▸ **WHAT YOU SHOULD DO**:
Restate, exactly as written, the entries below from the line that holds "18 grudnia, jak" through the line that holds "Зал в светлых". Pictures are not part of the copy.

▸ **DATA FOR PROCESSING**:

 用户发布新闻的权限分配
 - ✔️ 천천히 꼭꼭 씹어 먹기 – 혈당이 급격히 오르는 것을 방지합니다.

---

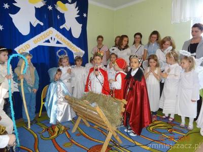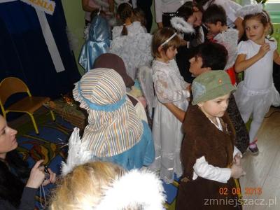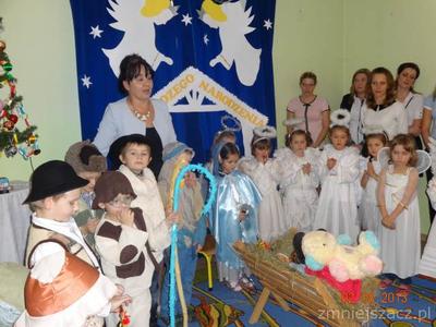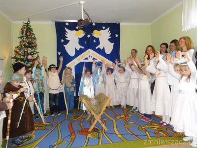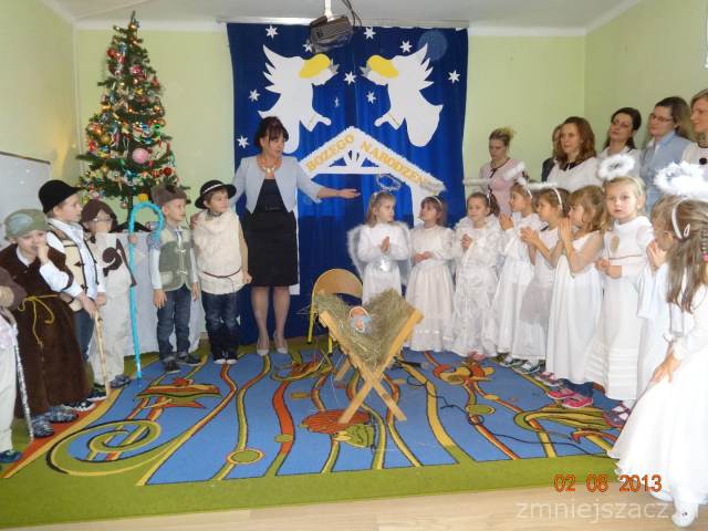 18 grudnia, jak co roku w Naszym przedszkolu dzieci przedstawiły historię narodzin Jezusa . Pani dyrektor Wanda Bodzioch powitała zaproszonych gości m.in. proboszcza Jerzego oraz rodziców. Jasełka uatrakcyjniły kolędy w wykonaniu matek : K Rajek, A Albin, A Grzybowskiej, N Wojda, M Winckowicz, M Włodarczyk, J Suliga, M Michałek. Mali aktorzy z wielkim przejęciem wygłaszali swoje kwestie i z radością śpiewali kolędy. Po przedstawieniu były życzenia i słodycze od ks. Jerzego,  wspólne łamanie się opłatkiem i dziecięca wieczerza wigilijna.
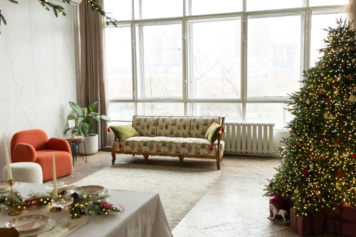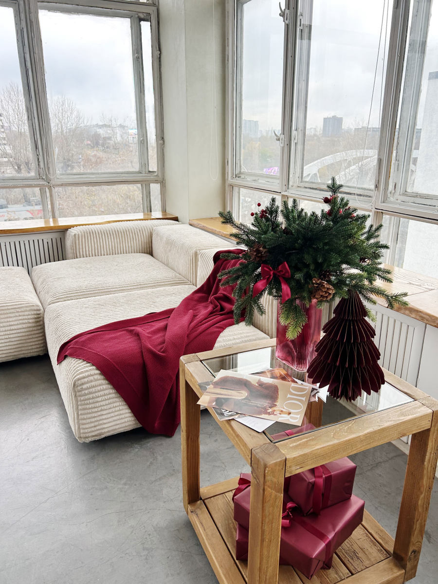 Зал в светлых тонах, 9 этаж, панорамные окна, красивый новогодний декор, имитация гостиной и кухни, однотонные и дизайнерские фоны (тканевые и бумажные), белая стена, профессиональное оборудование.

---

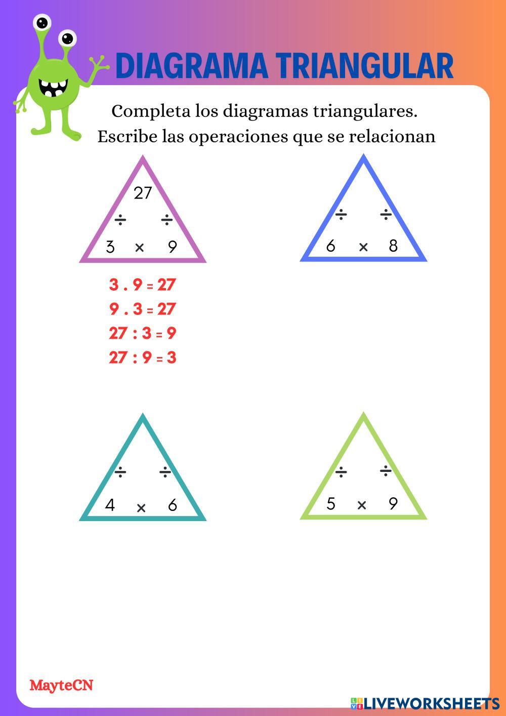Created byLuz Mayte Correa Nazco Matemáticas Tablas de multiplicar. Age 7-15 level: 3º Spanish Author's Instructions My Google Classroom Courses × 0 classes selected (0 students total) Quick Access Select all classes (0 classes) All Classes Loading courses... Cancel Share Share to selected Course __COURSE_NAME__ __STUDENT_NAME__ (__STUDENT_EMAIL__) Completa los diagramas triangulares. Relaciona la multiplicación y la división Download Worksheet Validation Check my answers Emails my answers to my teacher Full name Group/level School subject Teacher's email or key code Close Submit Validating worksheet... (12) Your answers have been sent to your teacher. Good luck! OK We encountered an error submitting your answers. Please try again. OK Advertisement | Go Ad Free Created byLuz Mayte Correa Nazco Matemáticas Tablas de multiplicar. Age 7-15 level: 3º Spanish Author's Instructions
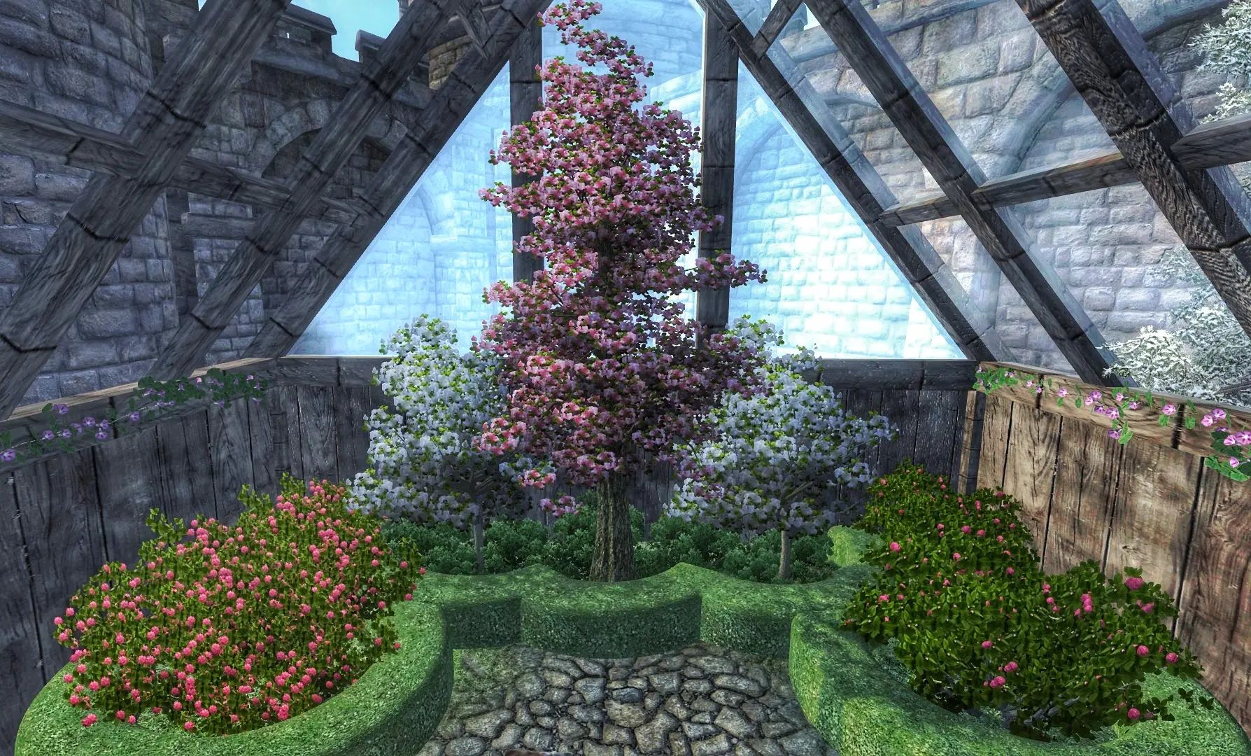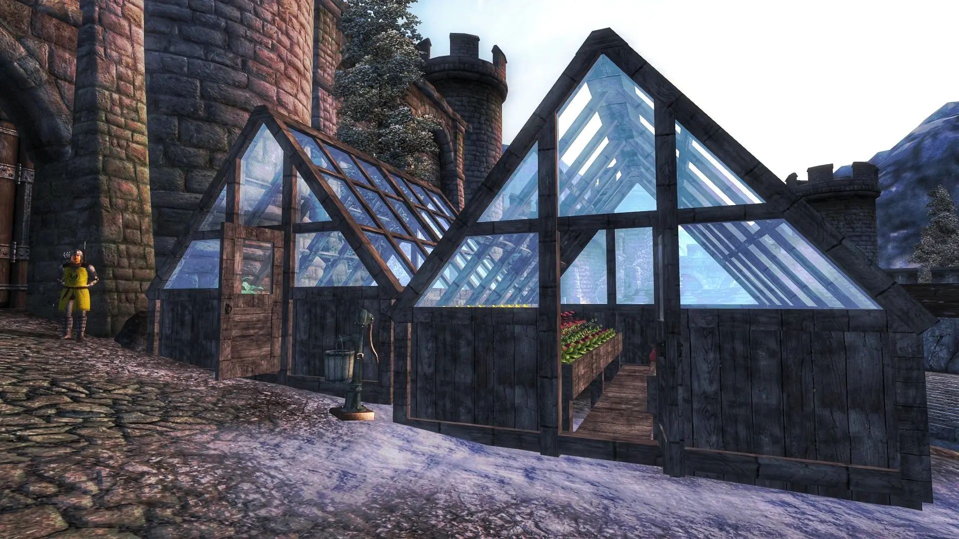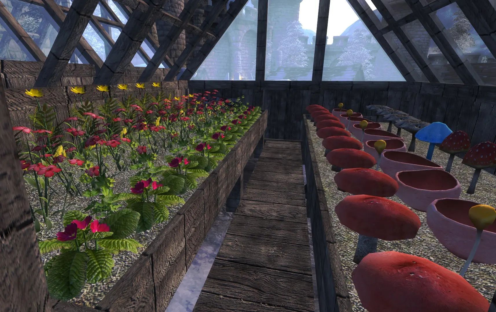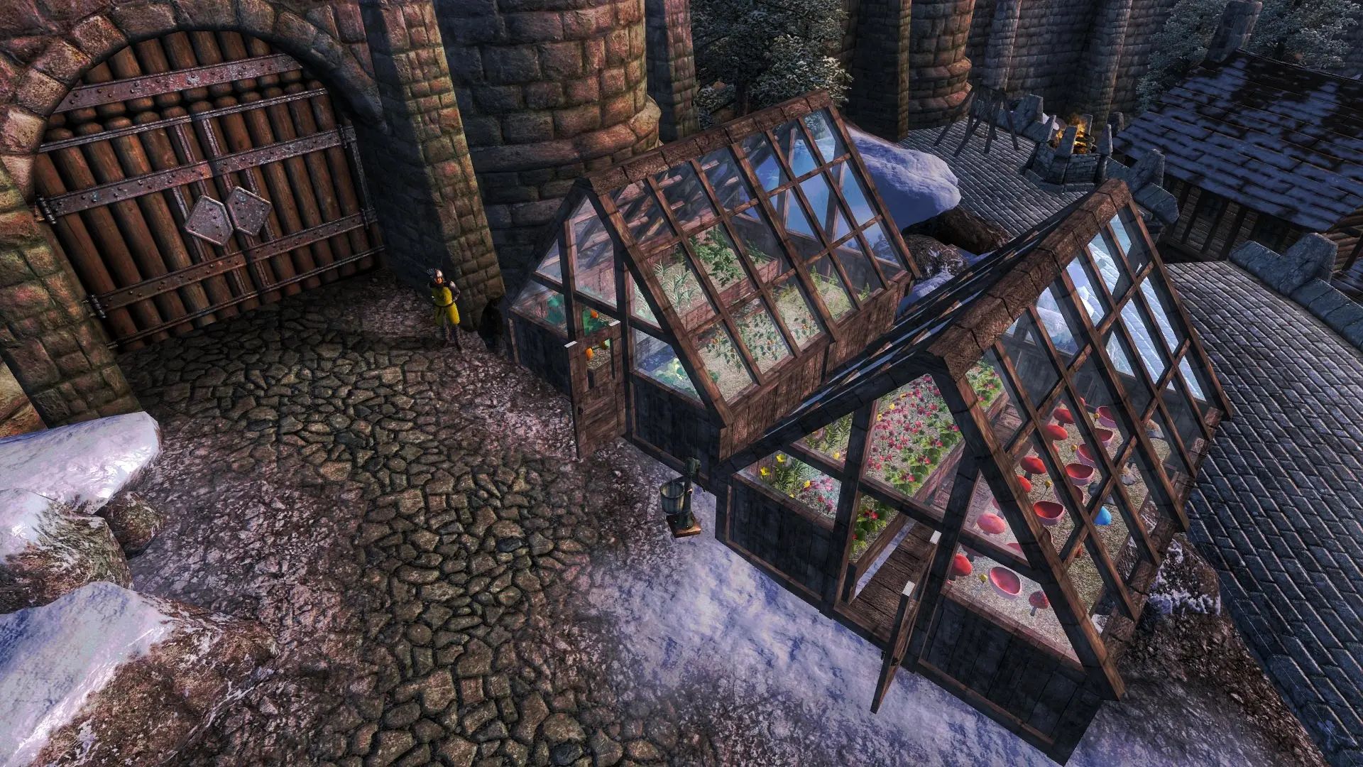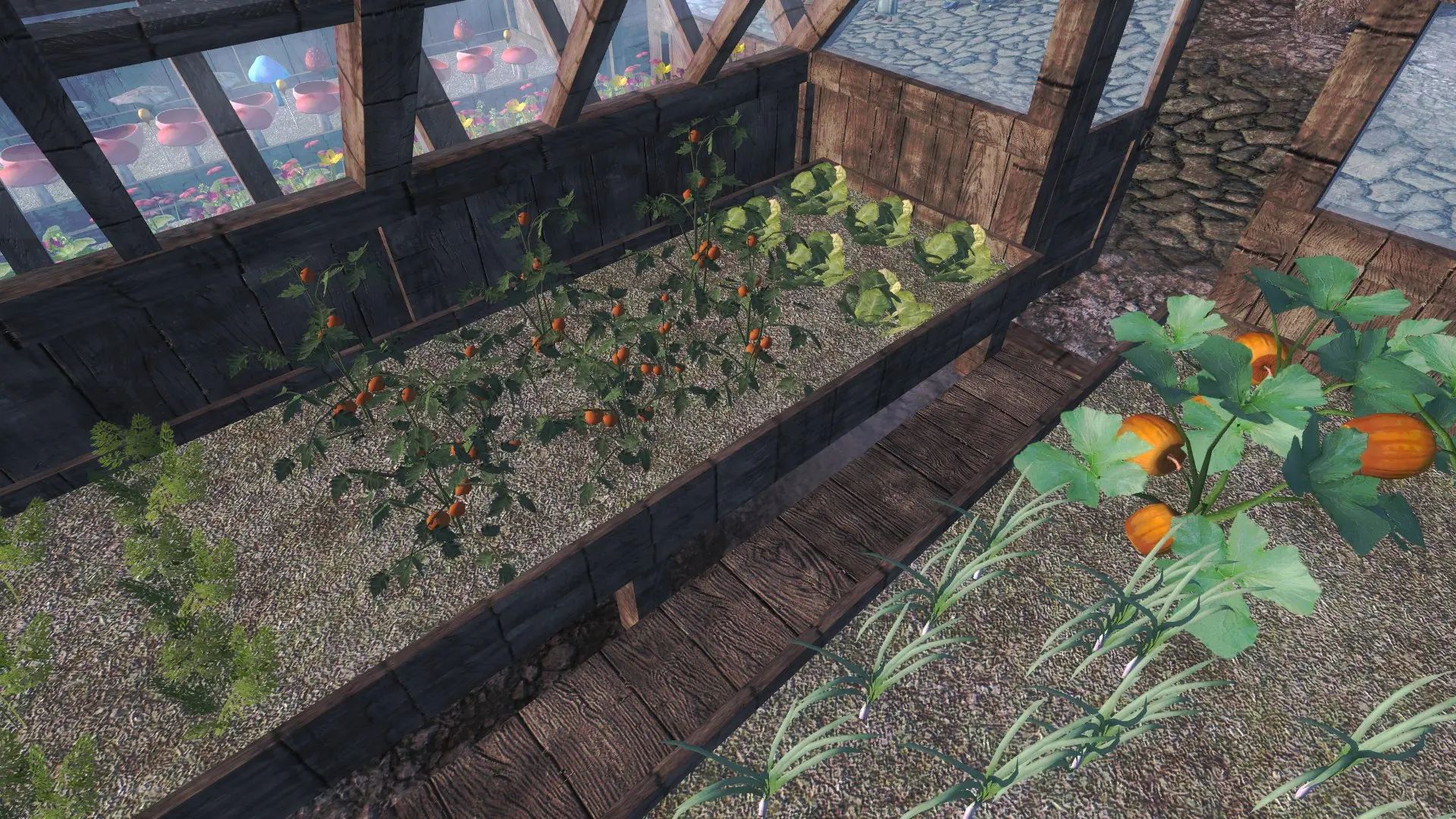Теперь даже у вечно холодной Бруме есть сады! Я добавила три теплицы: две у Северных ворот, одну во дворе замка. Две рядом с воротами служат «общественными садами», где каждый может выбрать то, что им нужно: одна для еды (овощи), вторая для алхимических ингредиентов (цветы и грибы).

▸ **TASK OUTPUT**:
 18 grudnia, jak co roku w Naszym przedszkolu dzieci przedstawiły historię narodzin Jezusa . Pani dyrektor Wanda Bodzioch powitała zaproszonych gości m.in. proboszcza Jerzego oraz rodziców. Jasełka uatrakcyjniły kolędy w wykonaniu matek : K Rajek, A Albin, A Grzybowskiej, N Wojda, M Winckowicz, M Włodarczyk, J Suliga, M Michałek. Mali aktorzy z wielkim przejęciem wygłaszali swoje kwestie i z radością śpiewali kolędy. Po przedstawieniu były życzenia i słodycze od ks. Jerzego,  wspólne łamanie się opłatkiem i dziecięca wieczerza wigilijna.
 Зал в светлых тонах, 9 этаж, панорамные окна, красивый новогодний декор, имитация гостиной и кухни, однотонные и дизайнерские фоны (тканевые и бумажные), белая стена, профессиональное оборудование.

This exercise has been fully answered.